The drill disappears as rapidly as it started.
“We have confirmation that one of the tangoes is down.” Control’s voice is always the same. Cool, collected, and with as much emotion as discussing this week’s corn futures.
The corner of my mouth twitches up into a smile. Maybe I pushed a bit harder than I should have. Maybe the asshole shouldn’t have gone around poking where he shouldn’t have.
“How many confirmed tangos still standing, Control?”
“Whisper confirms four tangos still active. All are confirmed Ascended.”
Bile rises up in my mouth and I fight to swallow it back down. I should have figured it was the case. They don’t bring us out for your run-of-the-mill robbers. No, we get saved for the special cases. Lucky us.
“Ballista, we have confirmation of movement. Looks like they are coming out the front door.”
I swing the gun around, get a bead on the door. It swings open. I don’t have the best angle where I am, but I bite down on my lip and concentrate. Hostages start walking out, hands on their heads, eyes a bit glassy looking. I curse when I see what walks out next.
It’s her.
What follows is a moment of disbelief and I feel as though I am falling through infinite blackness. Not dead. It’s the only thought I cling to. Not dead, not dead. Then horror-stricken, I am consumed with guilt. How could I have known! It was as if she had been here in this very building for those lost ten years with these psychos, held at gunpoint and waiting patiently for daddy to save her.
Then my heart freezes over as I realize there is no gun to her head. In fact, she cocks a rifle of her own with skinny arms. Her expression, upon which I once placed sweet kisses, was stony and grim. Then there are other things I should have noticed first off— the sharpness of her cheekbones, jutting hard against her flesh, chestnut hair gleaming like liquid bronze. Characteristics of all the Ascended. I groan in despair. Christ, Ixa, what did they do to you?

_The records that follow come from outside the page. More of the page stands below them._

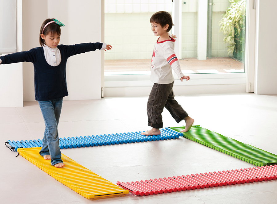 Коврик ребристый рекомендуется для занятий с детьми от 2 лет. " Размер одной части: 148см х 36 см х 3 см. Всего - 4 части. " Ребристый коврик состоит из пластиковых палочек. " Каждая часть коврика окрашена в один из 4 цветов: - красный, - желтый, - синий, - зеленый. Коврик ребристый используется на физкультурных занятиях: - для упражнений в равновесии, - для укрепления мышц стопы, - для формирования сводов стопы при ходьбе; - для укрепления мышц спины в ползании; - для расслабления. Коврик ребристый способствует: " развитию тактильных ощущений, " массажу стопы, " укреплению нервной системы ребенка. Изготовленный из пластиковых палочек, рифленый дизайн Rungs Way может стимулировать нервную систему и улучшать осязание. Технические характеристики Компоненты: 4 шт. (красный х 1, желтый х 1, синий х 1, зеленый х 1) Размер игрушки одна штука 148х36х3h см Материалы включают в себя: высококачественный пластик Rungs Way имеет уникальный дизайн, ступеньки слегка сдвигаются, когда на них наступают. Присоски прикрепляют беговую дорожку к полу для устойчивости. Максимальная загрузка 60 кг Размер упаковки 38х32х56 см Вес 8,5 кг, без упаковки 7 кг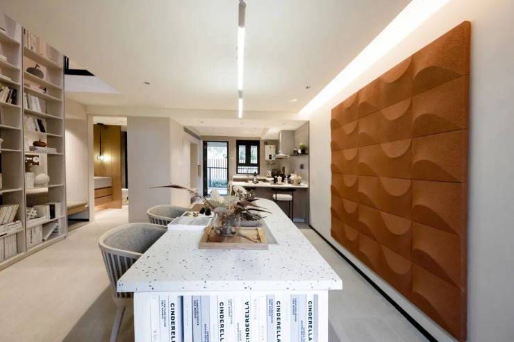 小镇生活体验馆:由大匀设计,是一座通排落地玻璃窗的白色建筑,位于小镇中心湖大草坪一侧。现代极简的几何造型,窗明几净的材质搭配,赋予场馆特殊的标志符号。它是游客到访小镇的第一站,是文化展览等活动的举办地,也是社区业主的精神空间,人们在此阅读、会谈、聆听、交流。
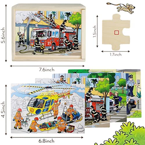 TOYLI 4-in-1 Emergency Vehicle Wooden Jigsaw Puzzles for Kids 48 PCs with a Box Fire Engine Ambulance Preschool Educational Activity Skills Development, Great Gift for Toddlers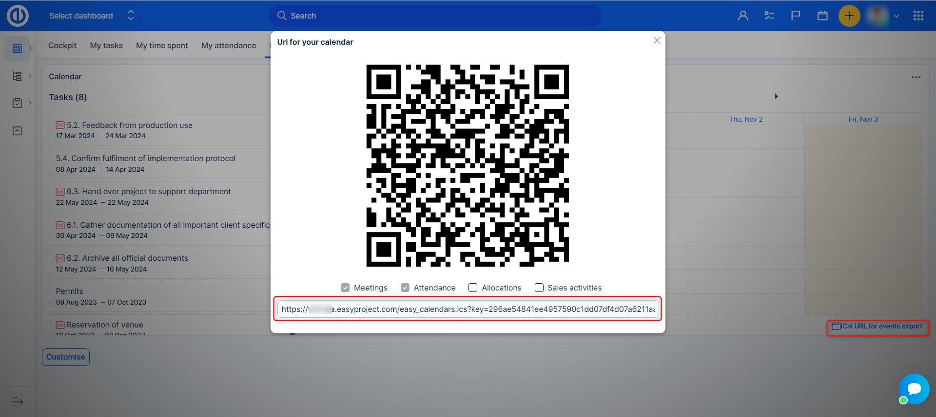 In order to export events or other entities from your Calendar to another iCal-compatible calendar, just click "iCal URL for events export" button in the lower right corner. This will open a pop-up window called "URL for your calendar" with the URL address just like a QR code containing the same URL address for quicker copy-paste. For each URL address, you may decide which entities should be included for export by ticking the respective checkboxes (meetings and attendance records are ticked by default, only tasks are optional). Then simply paste the generated export link into an importing field of the target iCal-compatible calendar.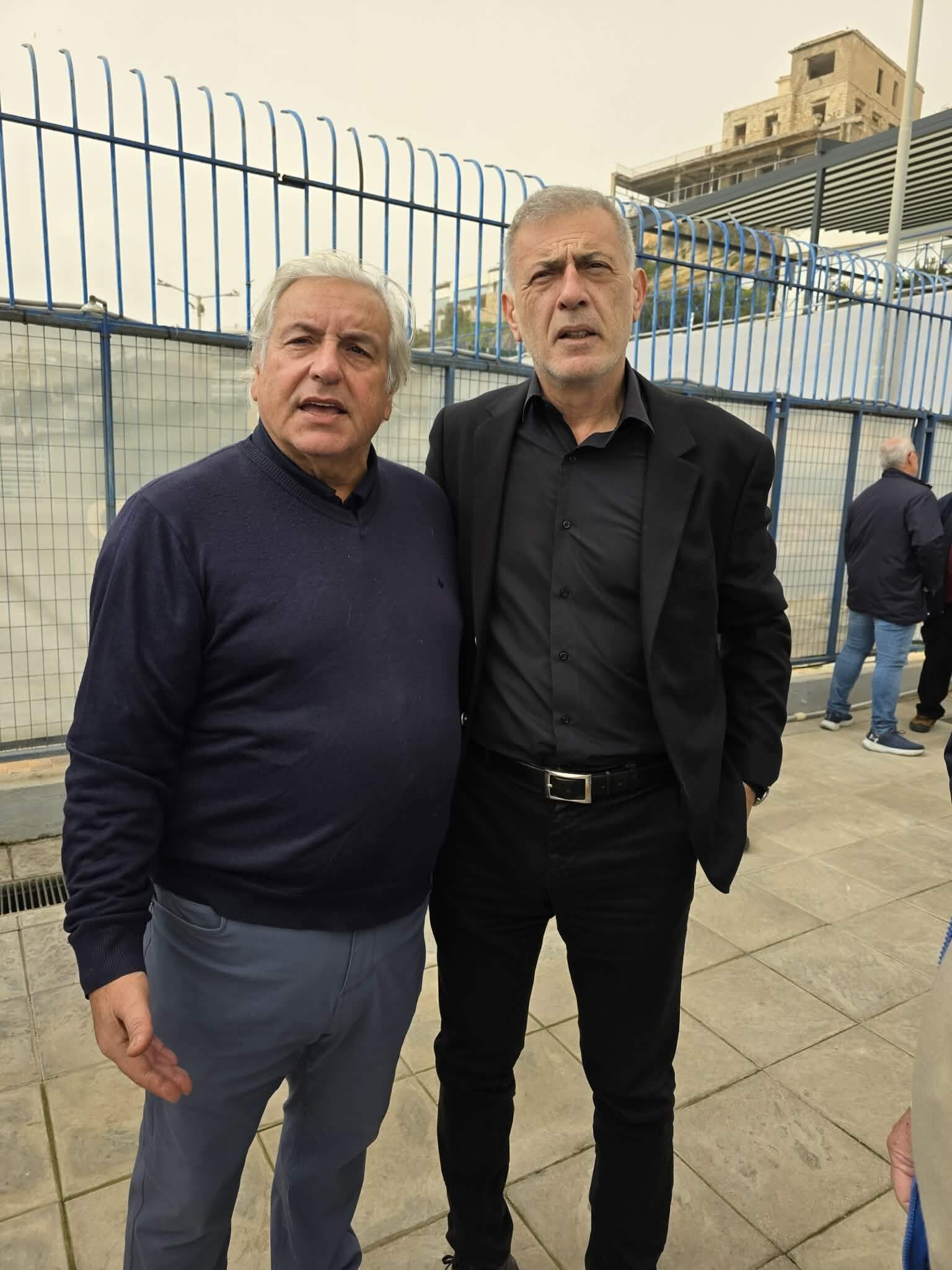 Ο Δήμαρχός Πειραιά Γιάννης Μώραλης με τον παλιό διεθνή πολίστα του Εθνικού Γιάννη Γαρύφαλλο.
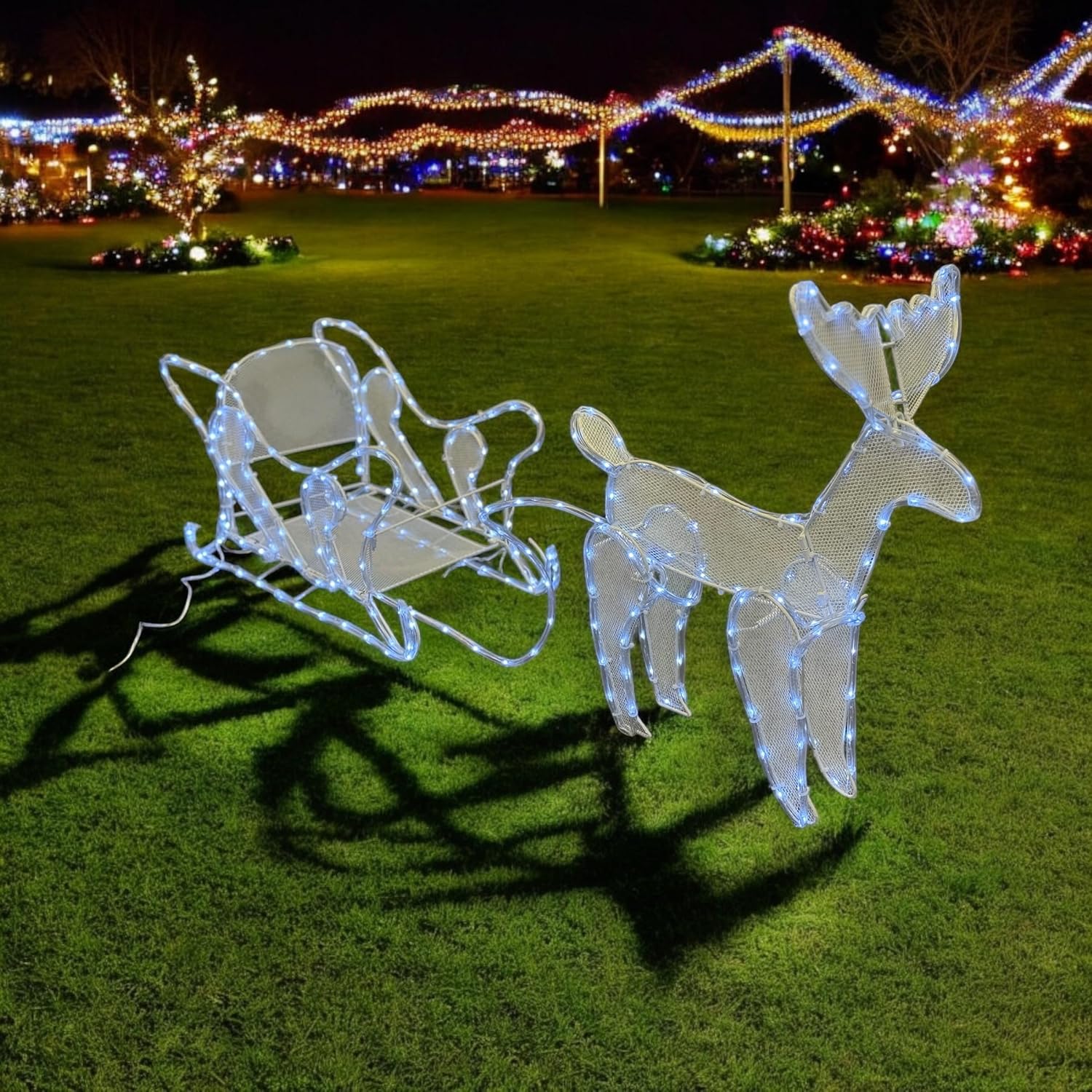 This Christmas decoration exceeded my expectations! The reindeer and sleigh look elegant and modern, and the LEDs shine brightly without using much battery power. I love that it’s suitable for both indoor and outdoor use, so I placed it on the porch as well as near the fireplace inside. The quality of the materials is impressive, and the spacing between the pieces makes it easy to arrange in any festive display. It’s energy-efficient, durable, and instantly adds holiday charm.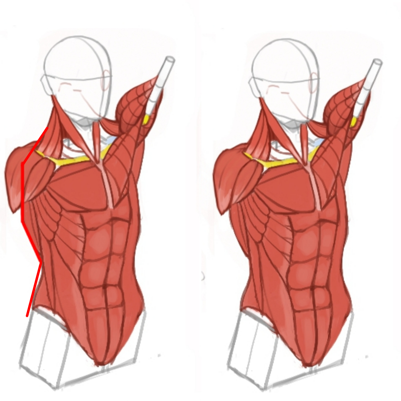 Помогите нубу-идиоту разрешить загадку. Сап, Двач! Относительно недавно решил научится рисовать. Смотрел туториалы с Ютуба, и вроде всё неплохо шло, пока не пробовал нарисовать тело в 3/4. Загвоздка в чём: позвоночник S-образный, грудная клетка стоит под наклоном а лопатки - прямо. Поэтому, по идее, в профиль линия тела должна идти как ломанная с 3-мя углами. Первый угол с перехода дельтавидной мышцы к лопатке, второй - переход с лопатки на широчайшую мышцу спины, третий - переход с широчайшей мышцы на косую мышцу живота ( если не чего не напутал). В общем как на пике 1. А если тело так в профиль смотрится, то и в 3/4 должна быть такая же структура. И тут непонятно. Вроде бы и похер, как идёт линия, рука всё равно прямую часть перекроет, но тогда, по логике, при поднятии руки этот прямой участок ломанной должен виднеться. А на разных референсах эта линия идёт по разному: на рисунках это проглядывается более чётко ( пик 2, там всё как я и думал), на фотках вообще не пойми как, то как я предполагал, а то не так, прямой участок пропадает и теперь это ломаная с 2-я углами (пик 3). Так ещё и на некоторых фотках в профиль структура спины отличается от предполагаемой мной, и образовывается всё та же 2-угольная ломанная(пик 4). Я уже не понимаю, как эта линия идёт правильно, может там мышцы как-то не так цепляются, как я думал, может из-за сдвига лопаток и сокращения мышц при подъёме руки этот прямой "бугор" пропадает, может из-за положения Юпитера в небе или ещё чего. Постарался описать свою проблему максимально чётко, надеюсь на помощь и объяснения где конкретно я проебался.

Her head whips in my direction as if she somehow heard me and I gasp. The blue of her eyes is piercing and I know she sees me through the darkness. Sees me clearer than anyone possibly ever has and I feel weak. My finger loosens on the trigger. She smiles then, a slow and knowing leer and the mental barrage begins again and I nearly collapse from the onslaught of the white noise that fills my head.
Then it stops as quickly as it started and leaves my ears ringing. I look to her again and her face darkens. Her message is loud and clear: She can kill me where I stand. Tears sting my eyes. Baby, please forgive me! How could I have known?

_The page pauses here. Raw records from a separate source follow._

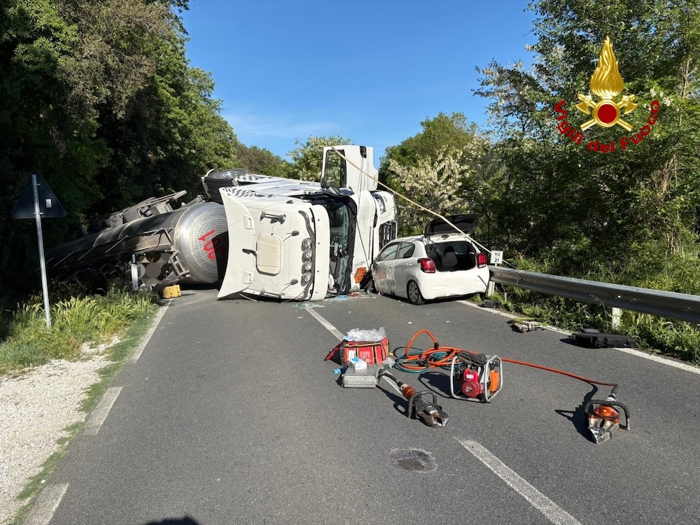 Si è verificato un grave incidente sulla Ss 68 a Montecatini Valdicecina. Il sinistro, avvenuto nel pomeriggio del 28 aprile, ha coinvolto un camion cisterna e diverse auto. Ci sarebbero tre feriti e la strada resterà chiusa per tutta la notte, visto che si è verificato uno sversamento di liquidi dalla cisterna. Un ferito sarebbe in grave condizioni. Presenti sul posto i soccorsi, tra cui Pegaso, i vigili del fuoco e le forze dell'ordine. In corso di accertamento le cause dell'incidente.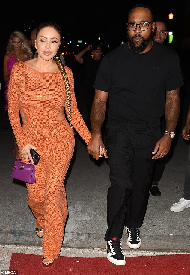Larsa Pippen, de 49 años, chisporrotea con un mini vestido para una cita nocturna con su novio Marcus Jordan, de…
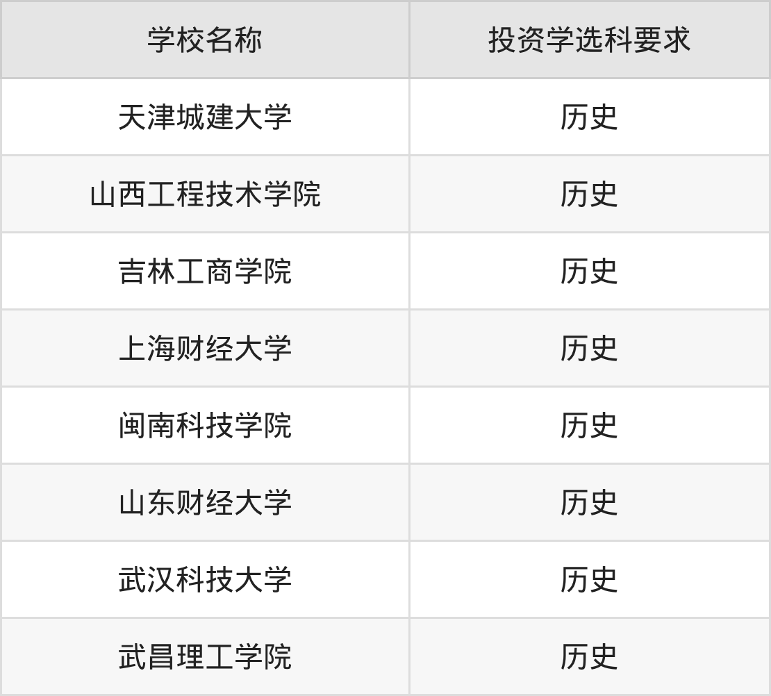 以湖南高考最新招生计划为例进行统计,在不可报的学校中,有8所本科大学的投资学专业招生时,要求考生必选“历史”。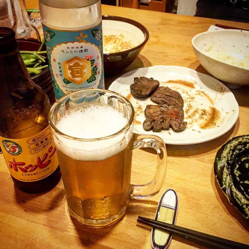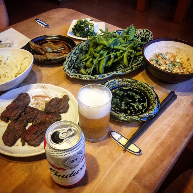 居酒屋我家、開店。恩人の棟梁の奥様にいただいたバドワイザーと牛タン。辰巳芳子さんのレシピのキュウリの胡麻和え。モロヘイヤとオクラの冷奴。枝で茹でた枝豆。野菜はどれも庭の猫の額畑から。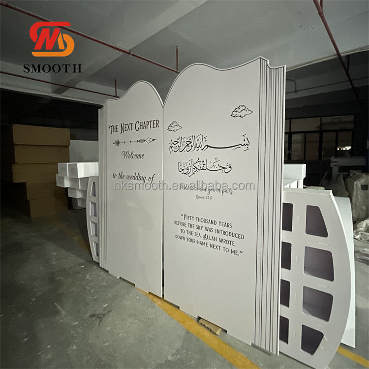 ฉากหลังงานแต่งงาน PVC เรียบ ฉากหลังอะคริลิคสีขาวทรงโค้ง รูปทรงหนังสือ ฉากหลังงานแต่งงาน 3 มิติ ตกแต่งเวที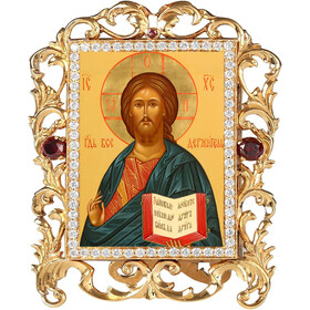 M-38-101s Christ The Teacher Icon Framed In Jeweled Frame, Decorated With Faux Crystals, 4 Inch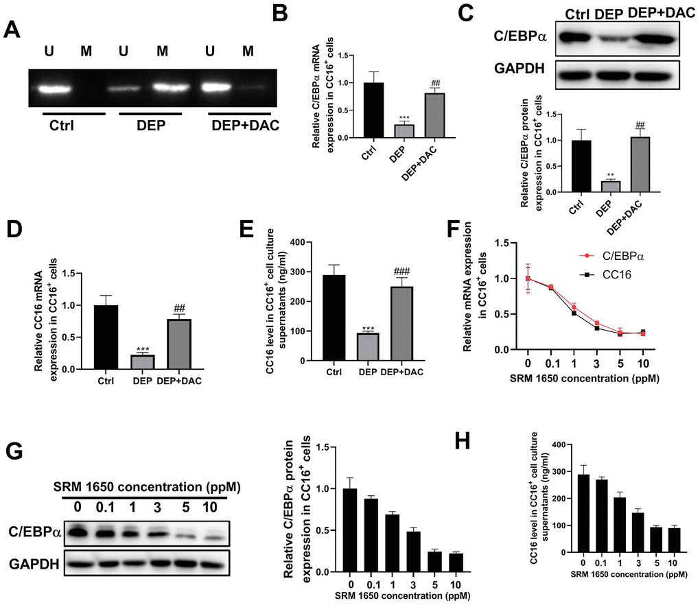 To assess whether DEP regulates CC16 production and secretion in CC16+ cells via induction of C/EBPα hypermethylation, CC16+ cells were treated with 5 ppm SRM 1650b (the National Institute of Standards and Technology, Gaithersburg, MD, USA) in the presence of DAC (Sigma-Aldrich) or not for 48 h. Then MSP, RT-PCR, western blot and ELISA were performed to detect the methylation of C/EBPα, the mRNA and protein expression of C/EBPα, CC16 mRNA expression, and CC16 level in culture supernatants, respectively. Additionally, we also determined the effects of treatment with other concentrations of SRM 1650b (0.1, 1, 3 and 10 ppm) on C/EBPα mRNA and protein expression, CC16 mRNA expression and level in culture supernatants.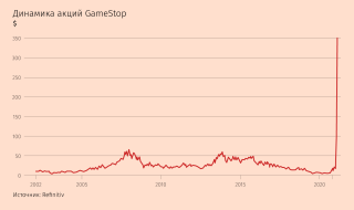 С начала года по среду акции GameStop выросли примерно на 1800%, причем началось ралли в середине месяца. В начале января акции стоили $17–18, а на утренних торгах в четверг взлетали до $468,5. После этого они падали до $126, когда брокерские компании стали ограничивать новые вложения в GameStop, затем поднялись выше $250, потом снова начали снижаться.

Then, Control over the earpiece, “All four tangoes in sight, please confirm.”
I say nothing.
“Ballista, targets are four adults: three males, one female. All confirmed Ascended. Confirm that you are in shooting range and take the shots.”
I swallow hard, my throat sandpaper. I breathe, “Control, I have reason to believe the female target is Ixa Manning, the subject of a missing persons case.”

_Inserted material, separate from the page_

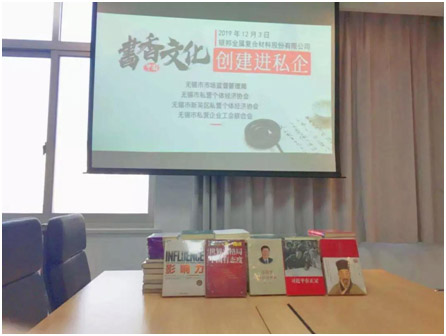 On December 3rd, 2019 "Scholarly culture" was organized by Wuxi Market Supervision Administration bureau, Wuxi Private Self-employed Economy Association, Wuxi Xinwu District Private Self-employed Economy Association and Wuxi Private Enterprise Trade Union Federation in yinbang Party Building Activity room.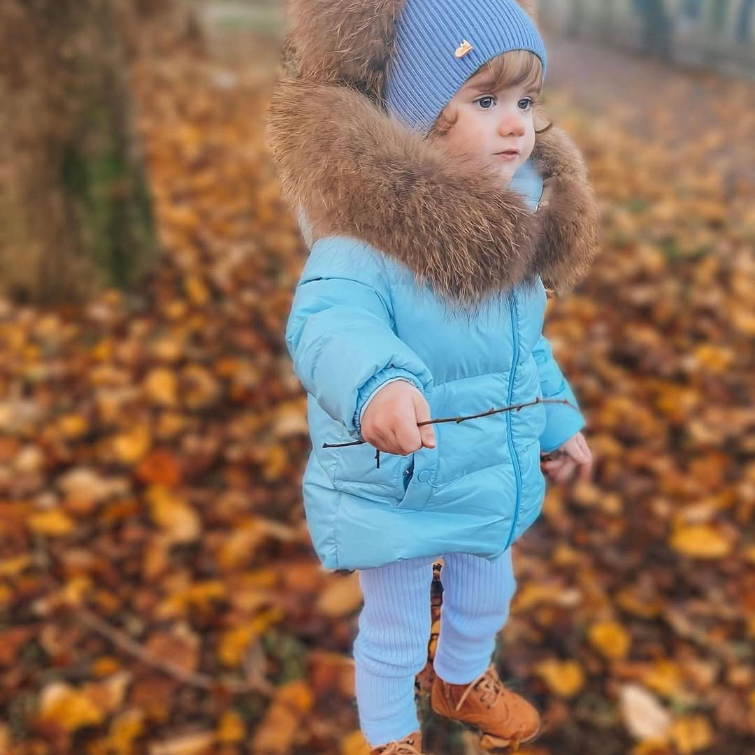 [Pre - Order] Mi Loves :: Racoon Fur Trim Puff Jacket in Blue

I am met with the sound of fingers flying across a keyboard as Control checks the case file. “The case for Ixa Manning was closed nearly ten years ago, Ballista. She was legally declared dead.”
“Fuck that, you think I wouldn’t recognize my own daughter?” I hiss into the mic.
“Ballista...” a hint of warning tinges the cool indifference in the voice. “This is no time to lose your head. That woman is not your daughter. She is a traitor and a terrorist. Now, take. The. Shot.”
My mind races. The girl I am sure is Ixa never takes her eyes off me as she grabs a fistful of hair of one of the hostages, a wailing woman shaking so badly she cannot remain on her feet. Unfazed eyes shine challengingly at me as she positions the nose of her weapon beneath her captive’s ear.